Chinese patent CN101223231A discloses an aqueous PTFE dispersion containing a plurality of specific fluorine-containing carboxylic acid salts (APFO), which improves the friction stability of PTFE to provide a good aqueous dispersion, thereby preventing thickening and cracking of the coating film, and a method for producing the same.
Chinese patent CN102086243A discloses a method for preparing a high-gloss polytetrafluoroethylene dispersion concentrate, which comprises the steps of adding deionized water, an initiator, a dispersant, a stabilizer and a polymerization monomer into a high-pressure reaction kettle to carry out emulsion polymerization reaction to obtain a modified polytetrafluoroethylene polymerization solution, and carrying out post-treatment concentration to obtain a polytetrafluoroethylene dispersion concentrate which has better hydrophilicity.
Chinese patent CN102977276A discloses a water-based polytetrafluoroethylene material, a preparation method and application thereof, in the method, electron beams or cobalt sources are utilized to irradiate PTFE micro powder, then the PTFE micro powder and acrylic acid are subjected to grafting reaction, and water dispersion of a grafting product is obtained through post-treatment, wherein the polytetrafluoroethylene material in the dispersion has better hydrophilicity.
Chinese patent CN107266631A discloses a preparation method of a modified polytetrafluoroethylene micropowder material, which comprises the step of carrying out grafting reaction on polytetrafluoroethylene micropowder in a mixed solution of monomer acrylic acid, 2-acrylamide-2-methylpropanesulfonic Acid (AMPS), fluorocarbon surfactant and water to prepare modified PTFE micropowder with high grafting rate, wherein the modified PTFE micropowder also has good hydrophilicity.

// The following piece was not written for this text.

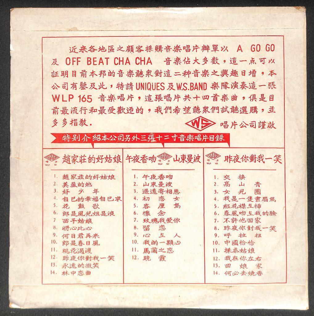 AMM18 Singapore W.S. Band & The Uniques Band A Go Go OB Cha Cha Dancing Chinese Music Chinese 12" LP CLP5490

Although the prior art achieves the purpose of improving the hydrophilicity of the PTFE micro powder material or the dispersibility of the PTFE micro powder material in water, the PTFE dispersion liquid or the modified PTFE micro powder has the defects of low monomer grafting rate, single grafting monomer raw material, need of activating treatment on the PTFE micro powder, complex subsequent treatment process, poor hydrophilicity of PTFE products, incapability of large-scale production and the like, and the large-scale production and application of the PTFE micro powder in the water-based paint are seriously limited.
Disclosure of Invention
The invention aims to overcome the defect of poor hydrophilicity of the existing hydrophilic modified PTFE product, and provides a water-based polytetrafluoroethylene powder material and a preparation method thereof; the water-based polytetrafluoroethylene powder material is prepared by coating and grafting hydrophilic groups, the grafting rate of the hydrophilic groups is higher, so that the polytetrafluoroethylene powder has better hydrophilicity, and can be grafted with various hydrophilic groups, so that the raw materials are various, the water-based polytetrafluoroethylene powder material is more suitable for industrial production, and has a positive effect on large-scale application of the water-based polytetrafluoroethylene powder material in water-based paint.
In order to realize the purpose, the invention provides a water-based polytetrafluoroethylene powder material which is prepared from the following raw materials in parts by weight: 15-50 parts of polytetrafluoroethylene micro powder, 0.5-1 part of melamine, 0.25-0.5 part of formaldehyde, 5-25 parts of grafting monomer, 0.06-0.35 part of emulsifier, 0.25-1.5 parts of initiator and 40-80 parts of deionized water.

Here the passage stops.